From the line containing "太刀魚と栗のおこわ、朴葉包み焼きにお吸い物と漬物、レンコン餅で1800円税別" to the line containing "ご入店時間の15分前/表参道" in the records below, set down every line exactly as it stands, both ends included, and skip the pictures.

• **Provided records**:
===============
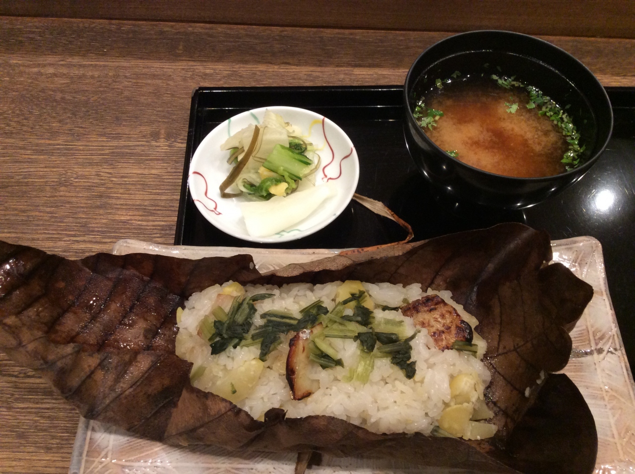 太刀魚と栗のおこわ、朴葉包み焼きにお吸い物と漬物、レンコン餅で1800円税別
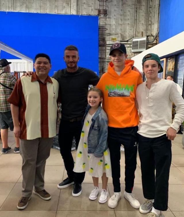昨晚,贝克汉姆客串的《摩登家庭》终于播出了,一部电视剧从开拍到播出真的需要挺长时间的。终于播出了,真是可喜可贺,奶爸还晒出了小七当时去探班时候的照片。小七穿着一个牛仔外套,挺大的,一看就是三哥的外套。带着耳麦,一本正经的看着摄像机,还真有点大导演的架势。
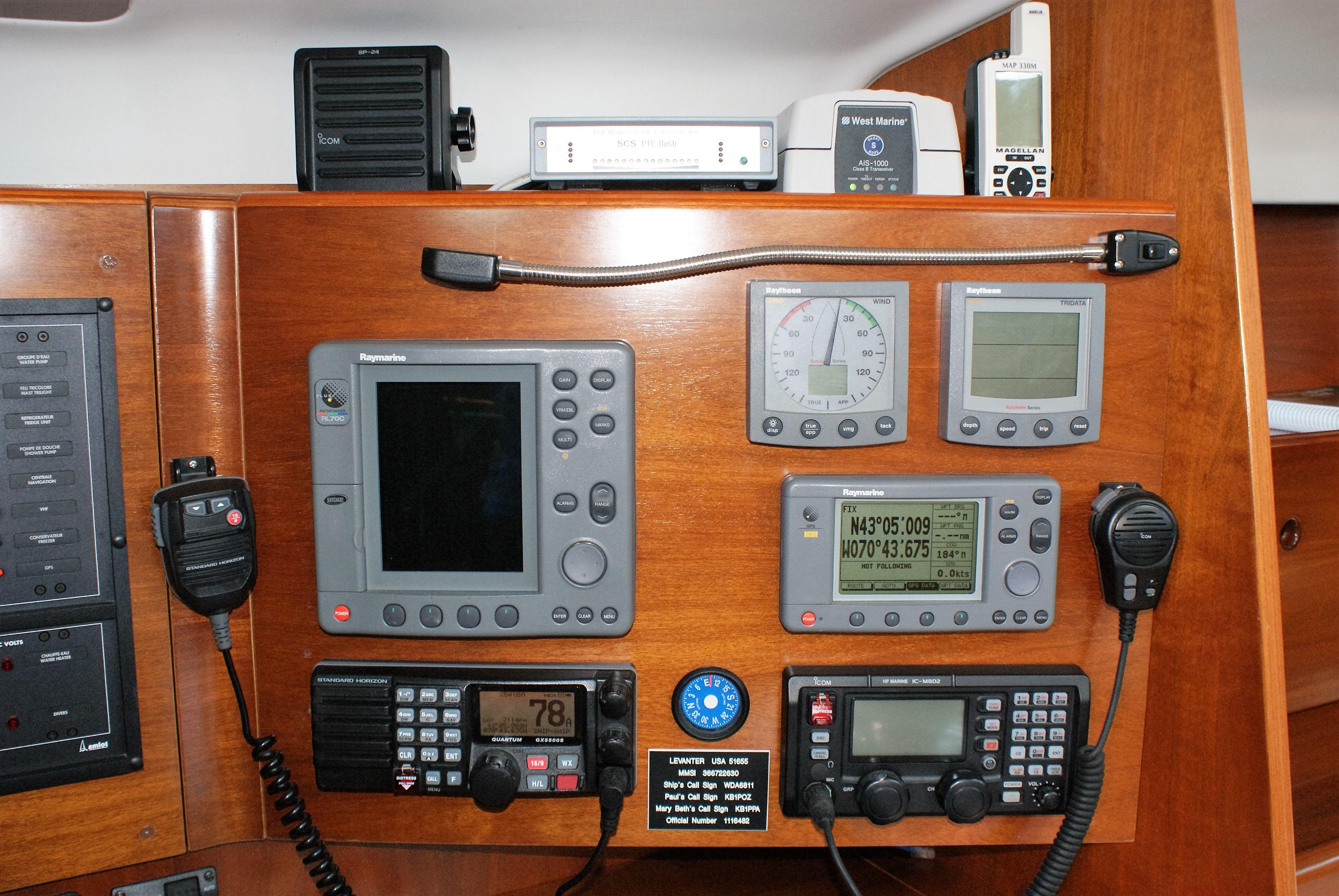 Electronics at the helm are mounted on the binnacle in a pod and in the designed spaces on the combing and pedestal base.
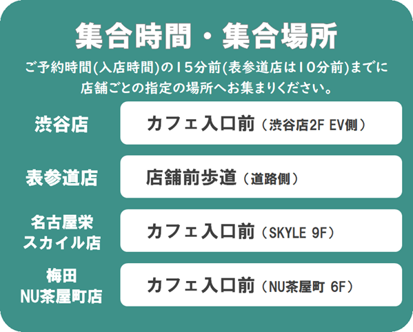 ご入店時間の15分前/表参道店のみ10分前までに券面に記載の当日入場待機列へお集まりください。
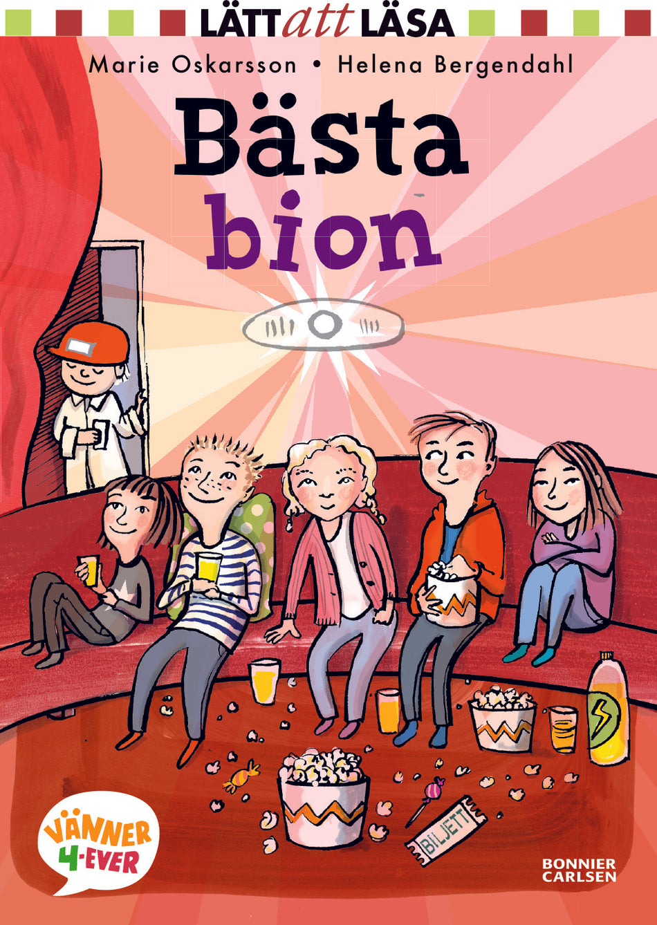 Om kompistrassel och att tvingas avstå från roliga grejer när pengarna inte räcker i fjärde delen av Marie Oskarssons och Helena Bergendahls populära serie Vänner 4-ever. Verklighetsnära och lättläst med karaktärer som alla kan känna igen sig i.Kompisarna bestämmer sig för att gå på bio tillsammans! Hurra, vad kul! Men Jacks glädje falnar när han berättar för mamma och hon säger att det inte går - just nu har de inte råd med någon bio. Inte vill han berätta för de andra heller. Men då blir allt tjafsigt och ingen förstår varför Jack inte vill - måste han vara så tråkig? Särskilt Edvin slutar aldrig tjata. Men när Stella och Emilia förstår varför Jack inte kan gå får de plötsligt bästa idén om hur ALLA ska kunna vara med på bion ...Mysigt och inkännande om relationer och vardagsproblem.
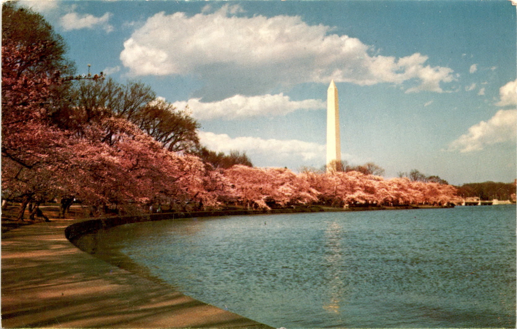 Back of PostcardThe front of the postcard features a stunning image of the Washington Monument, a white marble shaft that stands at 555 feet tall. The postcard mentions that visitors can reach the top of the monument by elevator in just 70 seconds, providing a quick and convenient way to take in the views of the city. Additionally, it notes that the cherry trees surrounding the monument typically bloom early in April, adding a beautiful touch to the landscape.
===============
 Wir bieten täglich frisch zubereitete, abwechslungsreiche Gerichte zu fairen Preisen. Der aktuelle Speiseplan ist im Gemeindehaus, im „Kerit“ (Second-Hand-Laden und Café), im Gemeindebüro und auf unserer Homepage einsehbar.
===============
• **Answer box**:
 太刀魚と栗のおこわ、朴葉包み焼きにお吸い物と漬物、レンコン餅で1800円税別
昨晚,贝克汉姆客串的《摩登家庭》终于播出了,一部电视剧从开拍到播出真的需要挺长时间的。终于播出了,真是可喜可贺,奶爸还晒出了小七当时去探班时候的照片。小七穿着一个牛仔外套,挺大的,一看就是三哥的外套。带着耳麦,一本正经的看着摄像机,还真有点大导演的架势。
 Electronics at the helm are mounted on the binnacle in a pod and in the designed spaces on the combing and pedestal base.
 ご入店時間の15分前/表参道店のみ10分前までに券面に記載の当日入場待機列へお集まりください。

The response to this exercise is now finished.